◆ **ABOUT THIS EXERCISE**
With the pictures removed, write out the data below exactly.

◆ **DATA EXCERPT**
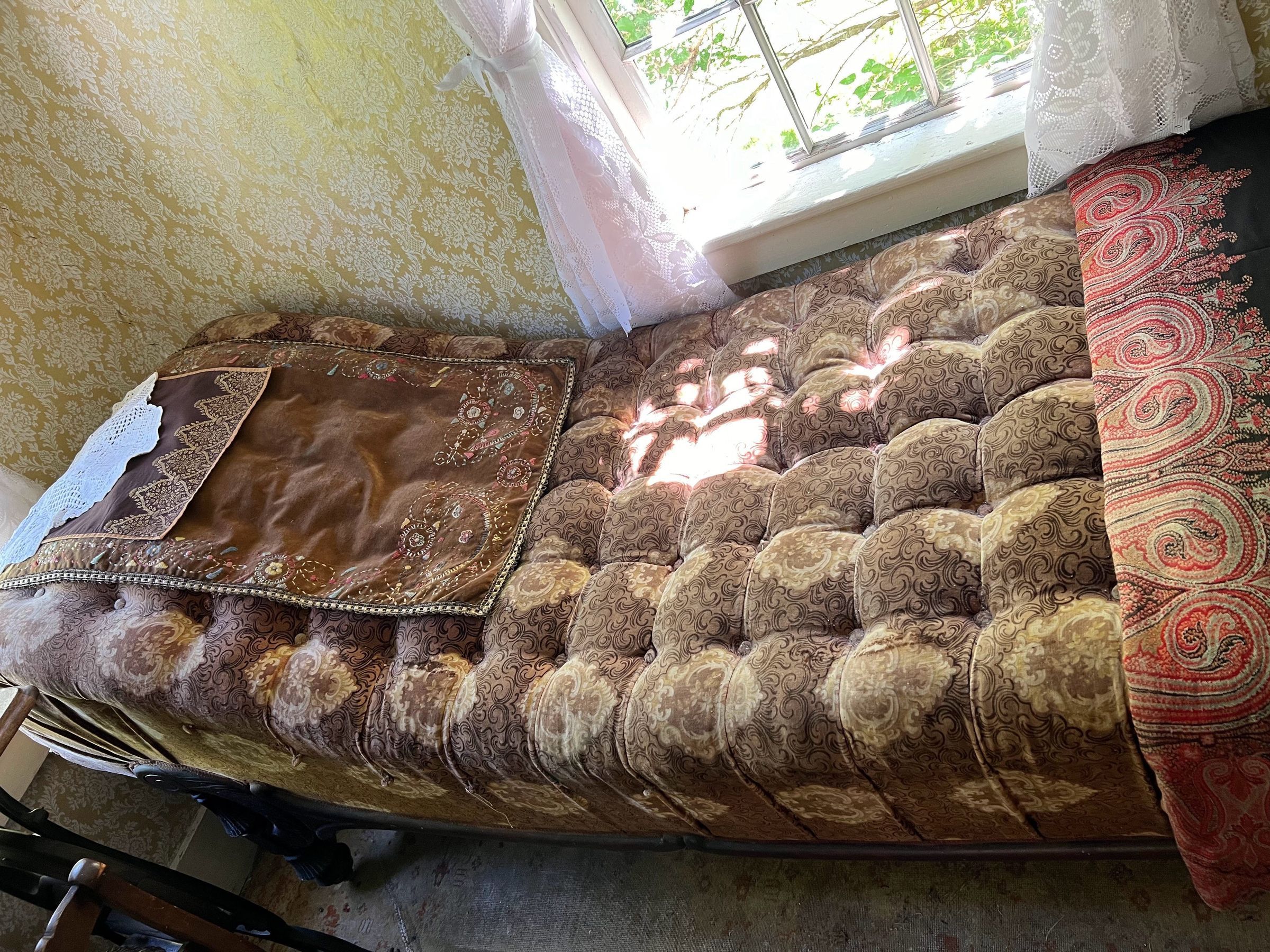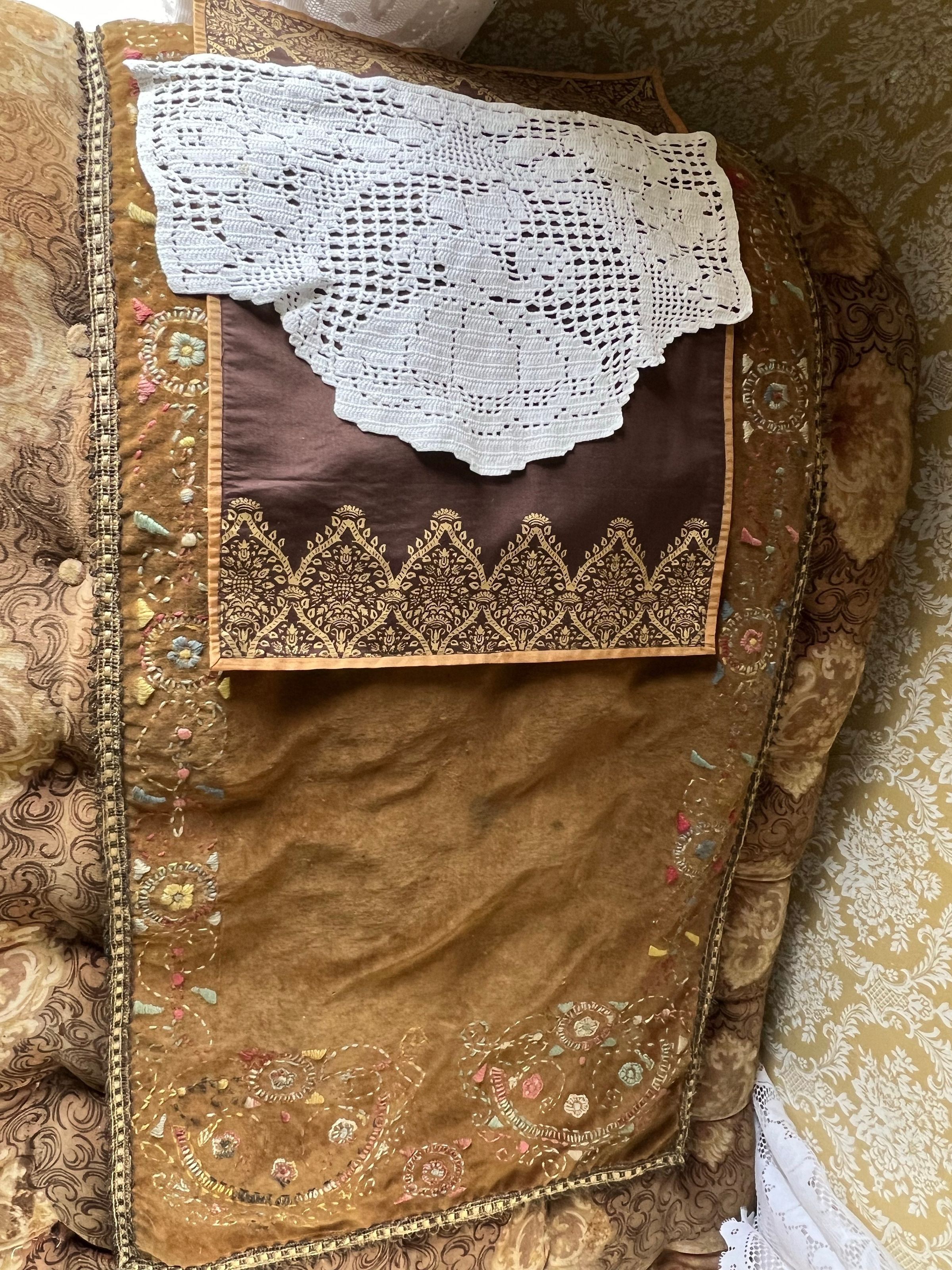 Brown velvet printed upholstery, gathers at buttons, some wear, 2 runners and doilie
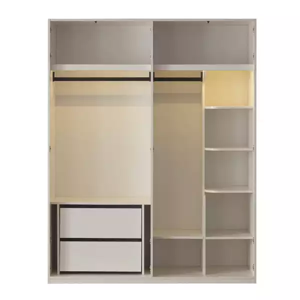 Takım içeriğinde 1 adet GRACE Şifonyer, 1 adet GRACE Şifonyer Ayna, 1 adet GRACE Komodin, 1 adet GRACE Puf, 1 adet GRACE Bazalı Karyola 160*200, 1 adet GRACE Karyola 160*200, 1 adet GRACE 1 Kapılı Dolap (Raflı), 1 adet GRACE 1 Kapılı Dolap (Askılıklı), 1 adet GRACE Köşe Modülü bulunmaktadır.
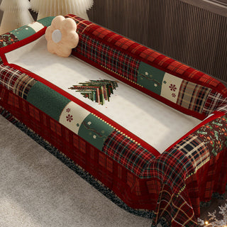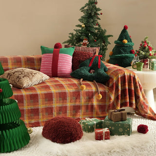Funda de sofá de felpa a cuadros clásica navideña, acogedora y festiva, para tu sala de estar
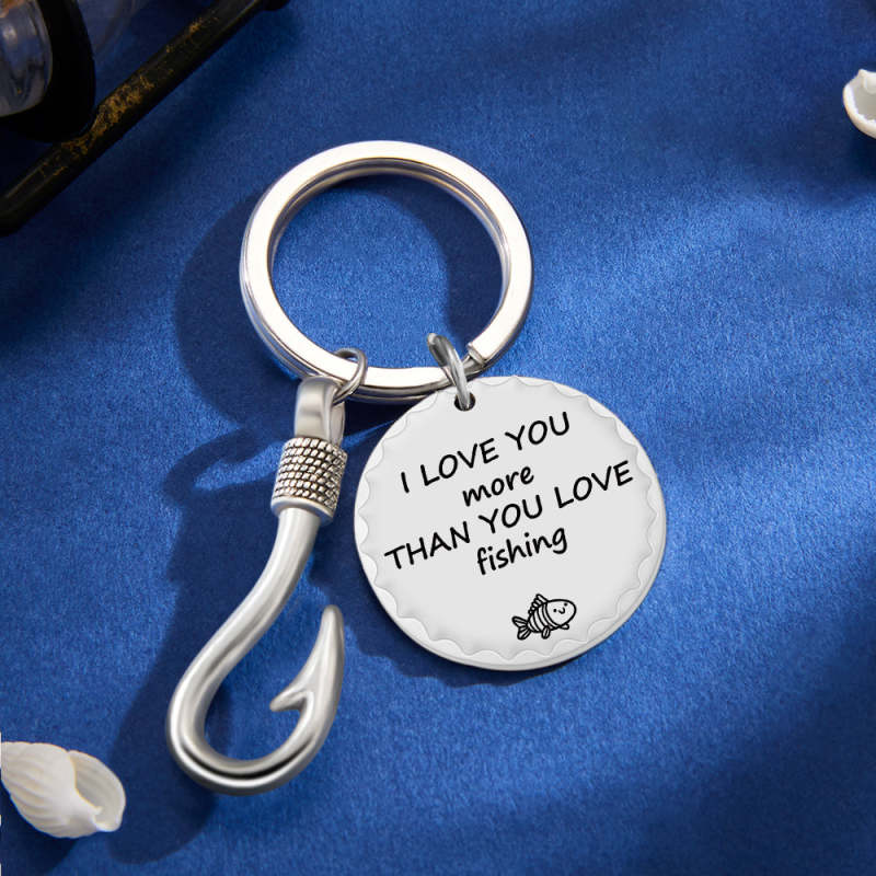 Custom Fishing Hook Keychain Personalized Metal Key Ring Father's Day Gifts

◆ **RESULT**
 Brown velvet printed upholstery, gathers at buttons, some wear, 2 runners and doilie
 Takım içeriğinde 1 adet GRACE Şifonyer, 1 adet GRACE Şifonyer Ayna, 1 adet GRACE Komodin, 1 adet GRACE Puf, 1 adet GRACE Bazalı Karyola 160*200, 1 adet GRACE Karyola 160*200, 1 adet GRACE 1 Kapılı Dolap (Raflı), 1 adet GRACE 1 Kapılı Dolap (Askılıklı), 1 adet GRACE Köşe Modülü bulunmaktadır.
Funda de sofá de felpa a cuadros clásica navideña, acogedora y festiva, para tu sala de estar
 Custom Fishing Hook Keychain Personalized Metal Key Ring Father's Day Gifts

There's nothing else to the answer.